Bitcoin Slips Under $69K as Iran-US Oil Shock Hits Crypto
Bitcoin slid below $69,000 on Thursday as escalating US-Iran tensions and a sharp oil spike fueled a risk-off move across markets. Brent crude jumped more than 5% to briefly trade near $108 per barrel before easing to around $105. Investors cited conflicting signals from Washington and Tehran over whether peace talks are ongoing, while reports of continued attacks involving Israel, Iran and Lebanon raised escalation concerns.
Bitcoin fell nearly 4% on the day, hitting a low near $68,500 and stabilizing around $68,900. The broader crypto market followed with broad-based selling: Ethereum dropped about 5% to around $2,050, Solana slid 5% to about $87, and XRP declined roughly 4% to around $1.36. Total crypto market capitalization fell about 3.3% to roughly $2.4 trillion, reflecting intensified macro risk.
Traditional markets also weakened.
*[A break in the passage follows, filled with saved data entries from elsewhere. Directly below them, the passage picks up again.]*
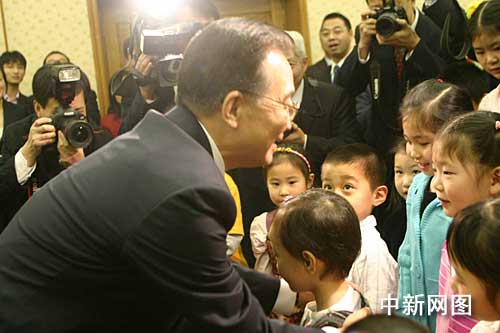 當(dāng)?shù)貢r間二月一日中午,正在訪英的中國總理溫家寶來到使館看望中國駐英外交官和華僑華人。一群衣著鮮艷的孩子向溫家寶獻(xiàn)上鮮花,并齊聲朗誦溫家寶的詩作《仰望星空》。溫家寶親熱地探下身與孩子們問好。中新社記者 張朔攝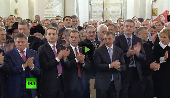 【环球网报道记者翟潞曼】据俄新社、俄罗斯《论据与事实报》3月18日消息,美国因俄罗斯支持克里米亚独立,对数名俄罗斯议员实施制裁。为此,俄国家杜马议员发表一份声明,建议美国也对他们实施制裁,并为被制裁的同事鼓掌。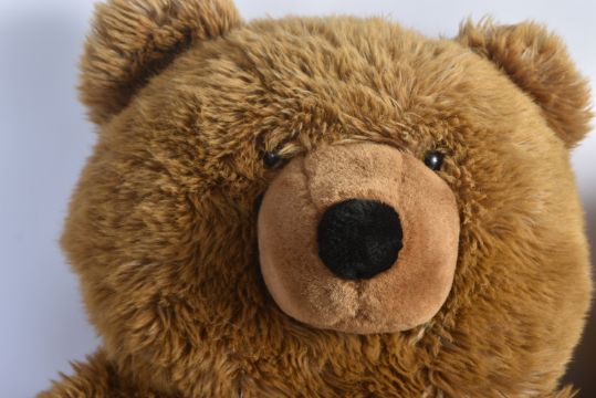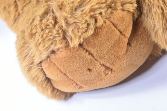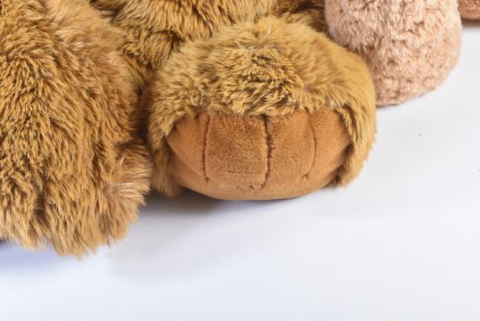 Two large soft toy teddy bears to include x1 Russ Berrie example with red scarf. Brown plush fur with the largest measuring approx 100cm.

The S&P 500 fell about 1% and the Nasdaq dropped about 1.45% by midday, as traders reduced exposure to risk assets amid lack of clear progress on de-escalation. Safe-haven signals were mixed: gold fell about 2.5% and silver dropped near 5%, extending recent downtrends. Crypto-related equities (including Robinhood, Coinbase, Circle and Strategy) fell roughly 4%–5%, underscoring crypto’s sensitivity to global risk sentiment.
Bearish
This is bearish because the selloff is driven by a macro risk-off impulse tied to geopolitical uncertainty. The article highlights conflicting US-Iran signals about peace talks and continued regional attacks, which pushed oil higher and spilled into crypto and broader equities.
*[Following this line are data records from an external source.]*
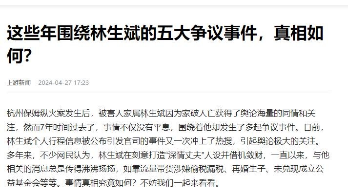 信息来源:上游新闻2024-04-27这些年围绕林生斌的五大争议事件,真相如何?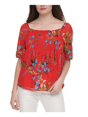 Женский красный эластичный топ с квадратным вырезом и рукавами до локтя CALVIN KLEIN, размер
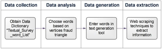 Data sets involving fraud-related behavior are scarce due to several reasons, e.g., due to confidentiality policies of institutions, or due to the sensibility of the personal data included. Given the restricted access to this information, it is common to use synthetically generated data sets [61,62]. Our data set was created from a dictionary of fraud-related keywords that were purchased from the company [63]. These keywords are tagged into different categories, including pressure, rationalization, and opportunity, the three components of the fraud triangle theory. Starting from several of these keywords related to the fraud triangle theory and using different online tools to generate sentences, as in [64,65,66], the corresponding sentences including the selected keywords were obtained. These tools allow the generation of sentences based on a specific word with a well-defined grammatical and semantic structure. Finally, they use a web scraping tool, “Firefox Addon”, which allows us to save the generated results and export them in CSV format for processing. The process followed to generate the data set is shown in Figure 3. Additionally, following the same procedure, several documents not related to fraud were generated in the same proportion as those related to fraud, with the only difference being that, for this case, keywords not related to this phenomenon were chosen, thus obtaining a balanced data set.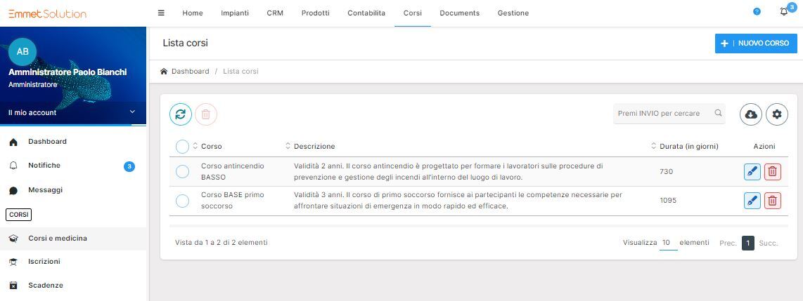 Dal menù principale, seleziona la voce "CORSI". In questa sezione avrai la panoramica completa di tutti i corsi presenti nel gestionale.

For traders, Bitcoin under $69K signals near-term downside momentum and increased likelihood of further volatility. Similar “geopolitics + energy spike” episodes in the past have often led to short-term deleveraging: crypto traded like a high-beta risk asset, with correlation to Nasdaq/S&P rising during stress.
In the short term, watch for continued weakness in BTC and spillover to ETH/SOL/XRP as long as oil remains elevated and de-escalation headlines stay unclear. In the long run, if the market eventually reprices the conflict (or credible de-escalation emerges), sentiment could stabilize and allow a technical bounce. But with gold also falling here, the signal points to broad risk reduction rather than a clean safe-haven rotation.